» Input:

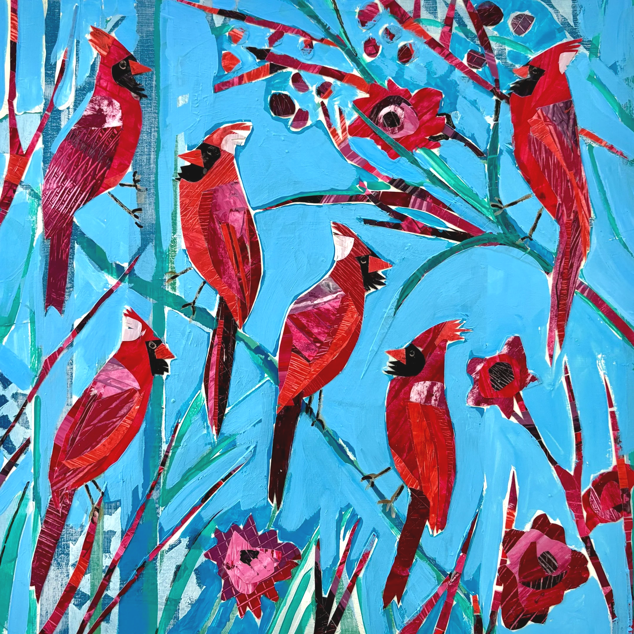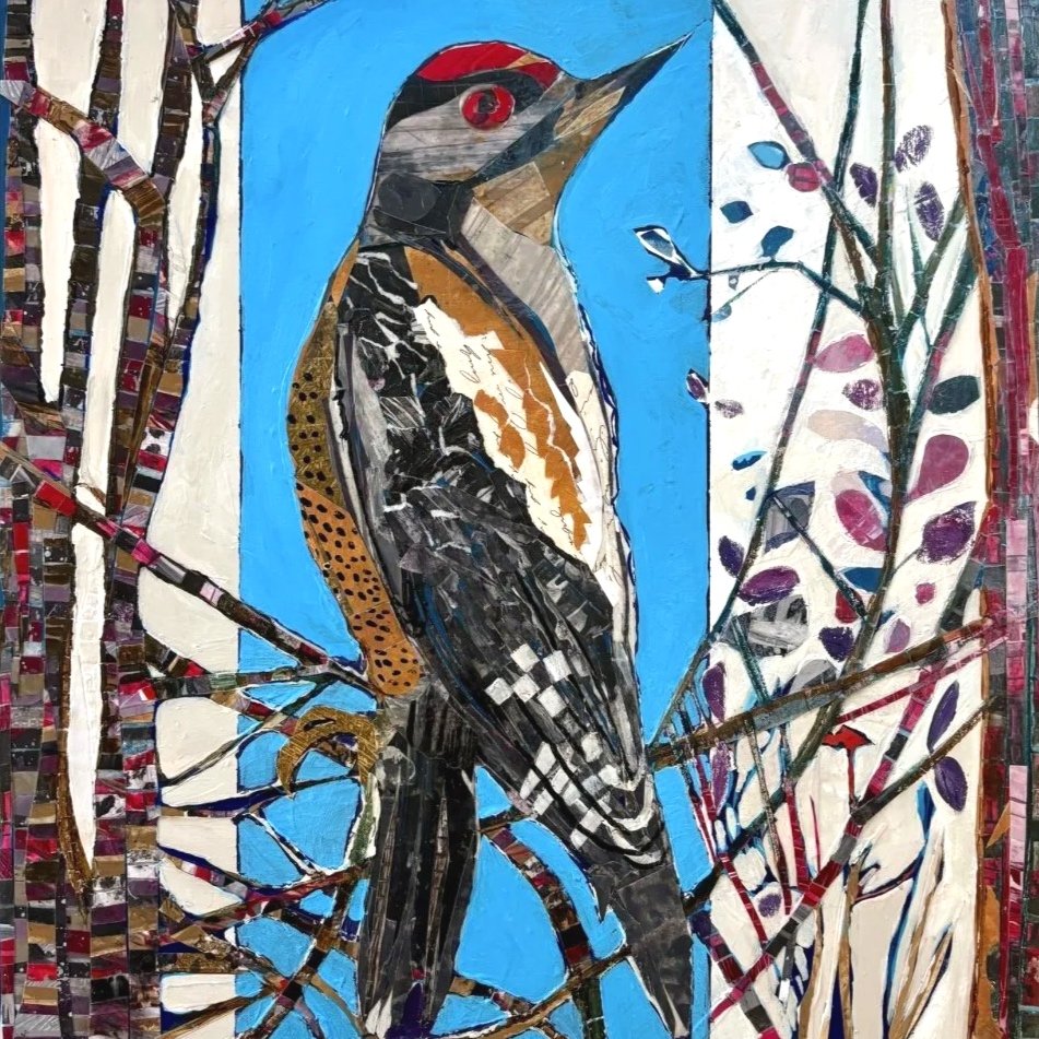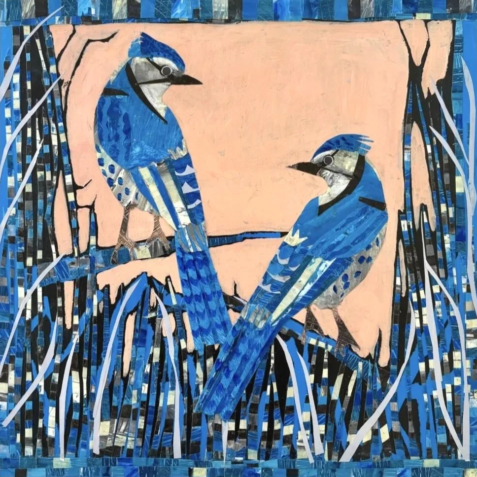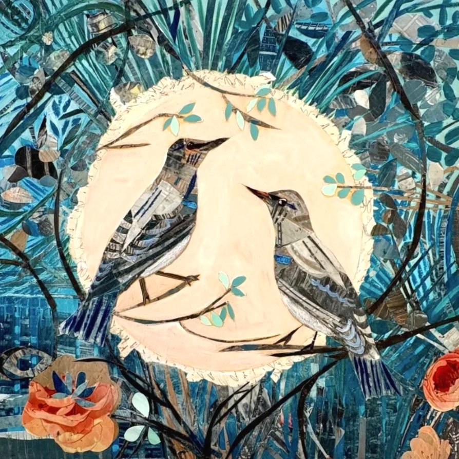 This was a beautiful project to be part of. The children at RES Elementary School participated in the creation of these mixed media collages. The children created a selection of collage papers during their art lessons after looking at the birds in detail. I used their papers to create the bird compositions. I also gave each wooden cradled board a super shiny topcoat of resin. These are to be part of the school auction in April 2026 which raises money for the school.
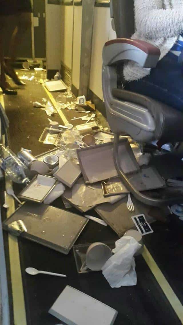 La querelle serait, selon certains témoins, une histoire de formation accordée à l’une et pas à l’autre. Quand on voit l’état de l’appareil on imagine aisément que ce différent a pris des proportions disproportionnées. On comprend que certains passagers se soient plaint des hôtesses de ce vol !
...
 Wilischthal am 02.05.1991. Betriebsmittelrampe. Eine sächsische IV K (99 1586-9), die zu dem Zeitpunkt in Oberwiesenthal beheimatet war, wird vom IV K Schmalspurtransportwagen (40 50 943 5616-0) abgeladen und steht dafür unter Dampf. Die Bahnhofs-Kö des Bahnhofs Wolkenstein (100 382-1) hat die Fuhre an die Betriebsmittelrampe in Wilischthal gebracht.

» What to work on: The material above holds pictures; leave them out. Repeat exactly the lines from the one containing "This was a beautiful" through the one containing "La querelle serait, selon", and nothing else.

» Task answer:
 This was a beautiful project to be part of. The children at RES Elementary School participated in the creation of these mixed media collages. The children created a selection of collage papers during their art lessons after looking at the birds in detail. I used their papers to create the bird compositions. I also gave each wooden cradled board a super shiny topcoat of resin. These are to be part of the school auction in April 2026 which raises money for the school.
 La querelle serait, selon certains témoins, une histoire de formation accordée à l’une et pas à l’autre. Quand on voit l’état de l’appareil on imagine aisément que ce différent a pris des proportions disproportionnées. On comprend que certains passagers se soient plaint des hôtesses de ce vol !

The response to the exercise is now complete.